Please transcribe exactly, and only, the lines of the data below between the line holding "STERLING SILVER 925" and the line holding "얼마전 홍대남 사건 관련 인스타 좋아요 누른 루나", inclusive.

........

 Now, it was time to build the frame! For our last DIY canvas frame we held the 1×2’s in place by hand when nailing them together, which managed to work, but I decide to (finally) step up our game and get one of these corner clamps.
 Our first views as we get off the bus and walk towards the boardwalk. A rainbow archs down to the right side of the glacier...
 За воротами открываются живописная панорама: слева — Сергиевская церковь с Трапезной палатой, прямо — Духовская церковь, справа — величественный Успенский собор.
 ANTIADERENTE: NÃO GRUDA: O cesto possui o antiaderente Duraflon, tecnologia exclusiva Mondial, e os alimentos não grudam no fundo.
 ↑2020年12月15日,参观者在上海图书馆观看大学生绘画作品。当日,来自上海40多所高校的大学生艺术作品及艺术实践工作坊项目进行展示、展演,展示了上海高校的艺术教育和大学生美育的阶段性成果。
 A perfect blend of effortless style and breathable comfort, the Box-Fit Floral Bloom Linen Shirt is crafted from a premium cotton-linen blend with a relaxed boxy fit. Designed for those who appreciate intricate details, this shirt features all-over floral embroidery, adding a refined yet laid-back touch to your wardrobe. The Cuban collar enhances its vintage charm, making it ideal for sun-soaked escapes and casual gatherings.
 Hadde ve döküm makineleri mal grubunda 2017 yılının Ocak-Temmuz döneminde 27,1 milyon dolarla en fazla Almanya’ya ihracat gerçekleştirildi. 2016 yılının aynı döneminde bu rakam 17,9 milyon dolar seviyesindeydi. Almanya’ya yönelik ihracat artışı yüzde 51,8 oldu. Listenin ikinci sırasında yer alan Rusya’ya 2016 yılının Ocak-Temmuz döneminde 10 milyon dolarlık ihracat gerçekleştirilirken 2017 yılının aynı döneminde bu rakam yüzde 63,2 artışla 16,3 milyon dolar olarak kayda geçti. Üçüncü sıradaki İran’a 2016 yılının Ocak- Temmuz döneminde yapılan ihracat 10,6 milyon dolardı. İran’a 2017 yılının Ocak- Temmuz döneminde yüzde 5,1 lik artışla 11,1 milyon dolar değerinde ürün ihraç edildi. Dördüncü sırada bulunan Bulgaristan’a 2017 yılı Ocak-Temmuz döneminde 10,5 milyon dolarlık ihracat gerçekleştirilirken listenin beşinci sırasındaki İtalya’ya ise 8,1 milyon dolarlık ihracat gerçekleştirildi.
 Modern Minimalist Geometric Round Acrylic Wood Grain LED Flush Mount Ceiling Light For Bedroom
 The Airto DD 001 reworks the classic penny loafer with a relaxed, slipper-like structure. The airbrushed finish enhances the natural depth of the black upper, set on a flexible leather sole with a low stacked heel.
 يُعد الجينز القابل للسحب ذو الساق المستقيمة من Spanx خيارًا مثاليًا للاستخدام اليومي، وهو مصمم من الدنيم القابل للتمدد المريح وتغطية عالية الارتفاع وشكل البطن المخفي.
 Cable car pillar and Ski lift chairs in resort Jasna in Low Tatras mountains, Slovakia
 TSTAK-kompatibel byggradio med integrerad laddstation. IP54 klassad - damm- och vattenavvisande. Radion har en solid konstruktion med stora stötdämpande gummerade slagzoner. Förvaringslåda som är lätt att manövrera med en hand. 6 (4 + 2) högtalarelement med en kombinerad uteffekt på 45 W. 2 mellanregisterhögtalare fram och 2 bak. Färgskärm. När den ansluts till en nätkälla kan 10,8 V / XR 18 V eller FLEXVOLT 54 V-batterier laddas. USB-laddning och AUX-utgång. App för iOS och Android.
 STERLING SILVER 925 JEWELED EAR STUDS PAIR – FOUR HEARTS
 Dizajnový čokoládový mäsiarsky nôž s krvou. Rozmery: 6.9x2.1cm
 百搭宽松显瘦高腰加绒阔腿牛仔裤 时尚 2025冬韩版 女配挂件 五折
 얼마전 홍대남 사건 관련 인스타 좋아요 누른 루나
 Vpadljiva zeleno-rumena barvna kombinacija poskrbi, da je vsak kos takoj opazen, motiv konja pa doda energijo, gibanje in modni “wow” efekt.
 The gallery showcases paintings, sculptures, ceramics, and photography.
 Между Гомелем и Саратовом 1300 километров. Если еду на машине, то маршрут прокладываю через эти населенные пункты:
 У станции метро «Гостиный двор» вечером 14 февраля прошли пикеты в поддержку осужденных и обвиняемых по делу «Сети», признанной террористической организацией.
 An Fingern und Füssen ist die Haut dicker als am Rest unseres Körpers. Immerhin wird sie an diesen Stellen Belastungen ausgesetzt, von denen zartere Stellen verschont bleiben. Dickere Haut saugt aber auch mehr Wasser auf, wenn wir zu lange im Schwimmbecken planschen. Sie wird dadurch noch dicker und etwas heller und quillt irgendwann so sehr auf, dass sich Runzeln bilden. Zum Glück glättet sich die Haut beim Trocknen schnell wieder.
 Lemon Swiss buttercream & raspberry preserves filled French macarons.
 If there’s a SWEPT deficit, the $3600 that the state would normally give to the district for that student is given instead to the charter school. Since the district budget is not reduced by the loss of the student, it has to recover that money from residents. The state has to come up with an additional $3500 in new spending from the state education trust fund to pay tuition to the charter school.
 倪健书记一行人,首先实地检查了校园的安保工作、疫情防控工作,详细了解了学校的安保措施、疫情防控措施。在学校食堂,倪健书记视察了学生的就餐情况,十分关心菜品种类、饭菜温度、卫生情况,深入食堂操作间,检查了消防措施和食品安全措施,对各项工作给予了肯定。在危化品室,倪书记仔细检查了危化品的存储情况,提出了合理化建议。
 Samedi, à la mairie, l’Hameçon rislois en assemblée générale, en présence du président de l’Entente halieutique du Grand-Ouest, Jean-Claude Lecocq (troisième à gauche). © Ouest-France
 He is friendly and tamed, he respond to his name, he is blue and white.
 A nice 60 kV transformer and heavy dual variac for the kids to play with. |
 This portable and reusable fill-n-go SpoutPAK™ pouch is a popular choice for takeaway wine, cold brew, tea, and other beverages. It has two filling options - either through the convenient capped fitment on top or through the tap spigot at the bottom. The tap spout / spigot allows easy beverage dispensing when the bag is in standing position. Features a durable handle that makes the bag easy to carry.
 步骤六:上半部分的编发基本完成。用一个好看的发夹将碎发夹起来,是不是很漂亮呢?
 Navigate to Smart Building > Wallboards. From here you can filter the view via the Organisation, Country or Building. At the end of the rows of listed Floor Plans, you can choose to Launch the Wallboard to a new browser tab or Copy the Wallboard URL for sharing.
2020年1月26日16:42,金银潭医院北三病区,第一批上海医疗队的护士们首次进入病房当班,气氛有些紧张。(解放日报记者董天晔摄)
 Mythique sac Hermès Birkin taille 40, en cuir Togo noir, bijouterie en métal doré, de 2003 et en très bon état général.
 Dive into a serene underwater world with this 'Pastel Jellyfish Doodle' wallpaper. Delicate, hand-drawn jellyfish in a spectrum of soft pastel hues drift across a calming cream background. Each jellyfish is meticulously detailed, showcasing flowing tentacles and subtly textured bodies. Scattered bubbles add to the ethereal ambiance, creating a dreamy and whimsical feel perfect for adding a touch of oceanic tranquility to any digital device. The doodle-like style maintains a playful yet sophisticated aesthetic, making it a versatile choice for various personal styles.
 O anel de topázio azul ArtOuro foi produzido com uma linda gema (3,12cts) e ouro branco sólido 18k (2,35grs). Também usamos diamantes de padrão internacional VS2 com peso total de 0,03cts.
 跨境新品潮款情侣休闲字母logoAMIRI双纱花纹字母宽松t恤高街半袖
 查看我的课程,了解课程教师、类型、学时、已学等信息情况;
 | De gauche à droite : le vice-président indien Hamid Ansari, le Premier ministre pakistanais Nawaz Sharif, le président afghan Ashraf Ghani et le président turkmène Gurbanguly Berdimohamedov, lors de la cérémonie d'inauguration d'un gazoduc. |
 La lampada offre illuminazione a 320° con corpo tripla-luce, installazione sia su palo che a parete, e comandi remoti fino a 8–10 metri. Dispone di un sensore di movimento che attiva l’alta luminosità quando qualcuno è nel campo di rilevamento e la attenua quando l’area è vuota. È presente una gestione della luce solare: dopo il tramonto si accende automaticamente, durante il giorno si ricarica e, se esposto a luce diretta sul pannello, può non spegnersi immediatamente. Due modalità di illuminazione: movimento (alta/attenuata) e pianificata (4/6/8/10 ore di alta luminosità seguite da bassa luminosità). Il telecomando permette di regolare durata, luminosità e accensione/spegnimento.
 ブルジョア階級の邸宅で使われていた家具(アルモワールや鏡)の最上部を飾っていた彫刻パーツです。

........

*Solution below*
 STERLING SILVER 925 JEWELED EAR STUDS PAIR – FOUR HEARTS
 Dizajnový čokoládový mäsiarsky nôž s krvou. Rozmery: 6.9x2.1cm
 百搭宽松显瘦高腰加绒阔腿牛仔裤 时尚 2025冬韩版 女配挂件 五折
 얼마전 홍대남 사건 관련 인스타 좋아요 누른 루나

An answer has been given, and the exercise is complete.